За годы службы, проведенные на Кавказе, Кауфман был награжден несколькими орденами, среди которых выделялся орден Святого Георгия 4-й степени за взятие аула Гергебиль и золотая наградная сабля с надписью «За храбрость». Другими, менее приятными, памятками о Кавказской кампании стали для Кауфмана два ранения. Его заслуги были отмечены на самом верху – в 1856 г. генерала Кауфмана назначают членом совета Николаевской инженерной академии. Через два года он был удостоен чести пребывать в свите императора Александра II. Эпоха всеобщих реформ, начавшаяся в 1861 году, застала генерал-майора Кауфмана в должности директора Канцелярии Военного министерства. Российская армия находилась в стадии преобразования, создавалась с нуля система военных округов. Константин Петрович принял участие в этом процессе самым непосредственным образом: он являлся участником всевозможных комитетов и комиссий по обсуждению и внедрению новых элементов военной организации. По высочайшему повелению ему было предоставлено право голоса на Военном Совете. Четыре года деятельности на посту директора Канцелярии были отмечены получением чина генерал-лейтенанта и почетного звания генерал-адъютанта.
В 1865 г. Кауфман был назначен Виленским генерал-губернатором вместо ушедшего в отставку М. Н. Муравьева. Однако этот пост он занимал относительно недолго – уже осенью 1866 г. генерал-лейтенанта вызывают в Петербург. В октябре 1866 г. высочайшим указом Кауфман был отправлен в 11-месячный отпуск с сохранением звания генерал-адъютанта. У императора Александра II были на этого талантливого человека далеко идущие планы. Россия все больше вникала в запутанные и очень не простые среднеазиатские дела, где нередко посреди саксауловых зарослей виднелись модно подстриженные английские бакенбарды. Ситуация была сложной и в преддверии проникновения России в глубины Центральной Азии, строительства железой дороги, борьбы с не брезгующими работорговлей местными ханствами в Туркестане нужен был талантливый наместник. Он должен был сочетать в себе одновременно волевые и дипломатические качества, быть отличным организатором и, самое главное, хорошим военным.
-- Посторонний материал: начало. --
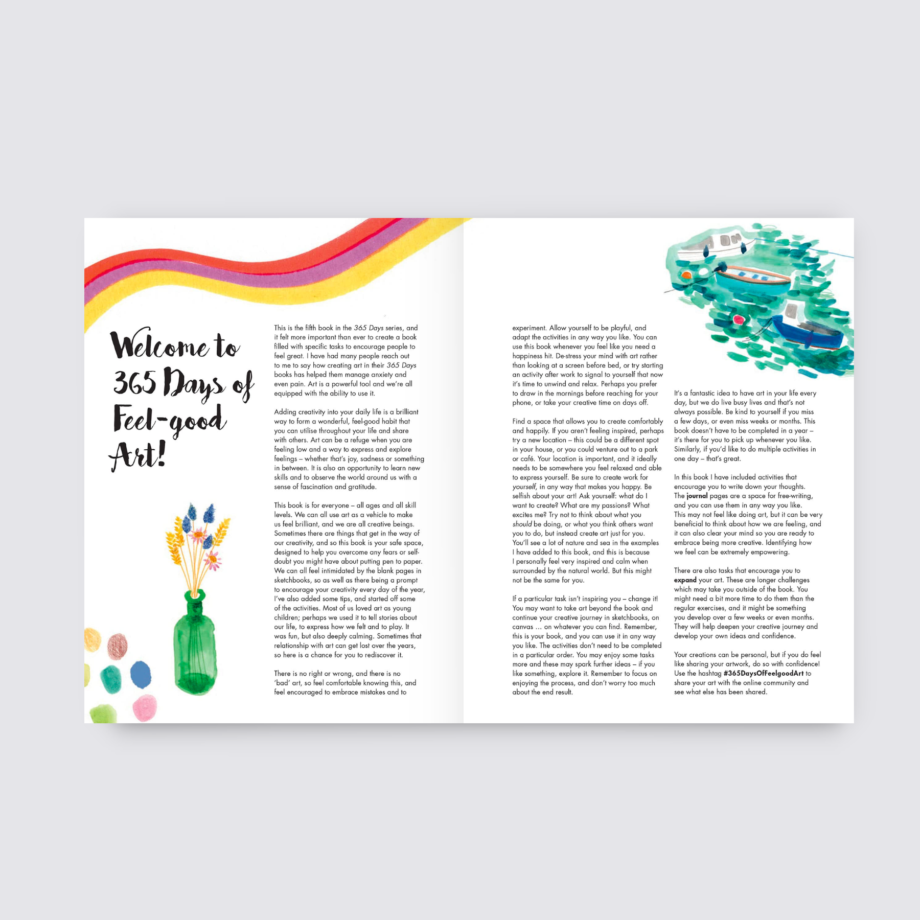 In 365 Days of Feel-good Art, Lorna Scobie explores art-based tasks which will help to boost your overall confidence, wellbeing and happiness.

В Петербурге решили, что Константин Петрович как нельзя более подходит под эти широкие требования. Поэтому еще до окончания положенного длительного отпуска 14 июля 1867 г. генерал-лейтенант фон Кауфман был назначен генерал-губернатором Туркестана и командующим войсками Туркестанского военного округа. Он получил широкие полномочия с правом начинать боевые действия и заключать мир, исходя из обстановки. В октябре 1867 г. после решения организационных вопросов генерал-лейтенант Кауфман отбыл из Петербурга к новому месту службы. Маршрут следования им был выбран на первый взгляд не самый быстрый и оптимальный, коим являлся путь в Ташкент через Оренбург. Кауфман отправился кружным путем: через Семипалатинск, Сергиополь и центр Семиреченской области – крепость Верный. Это было сделано намеренно, чтобы во время следования лучше вникнуть в местные дела и познакомиться с обширным краем и его обычаями. Особенное внимание уделялось местной администрации. 7 ноября Кауфман прибыл в Ташкент. Так началось его губернаторство.
Туркестанский наместник
Вверенную ему территорию Константин Петрович принял в отнюдь не блестящем виде. Отбившаяся от рук и надзора администрация чувствовала себя верховной и поэтому неподконтрольной инстанцией. Процветал не край, а взяточничество, казнокрадство и разнообразные хищения. Все вышеперечисленное не могло не сказаться на отношении местного населения к русским. Внешнеполитическая обстановка тоже не располагала к спокойствию – Туркестан окружали феодальные ханства, лучшим способом диалога с которыми являлось применение силы.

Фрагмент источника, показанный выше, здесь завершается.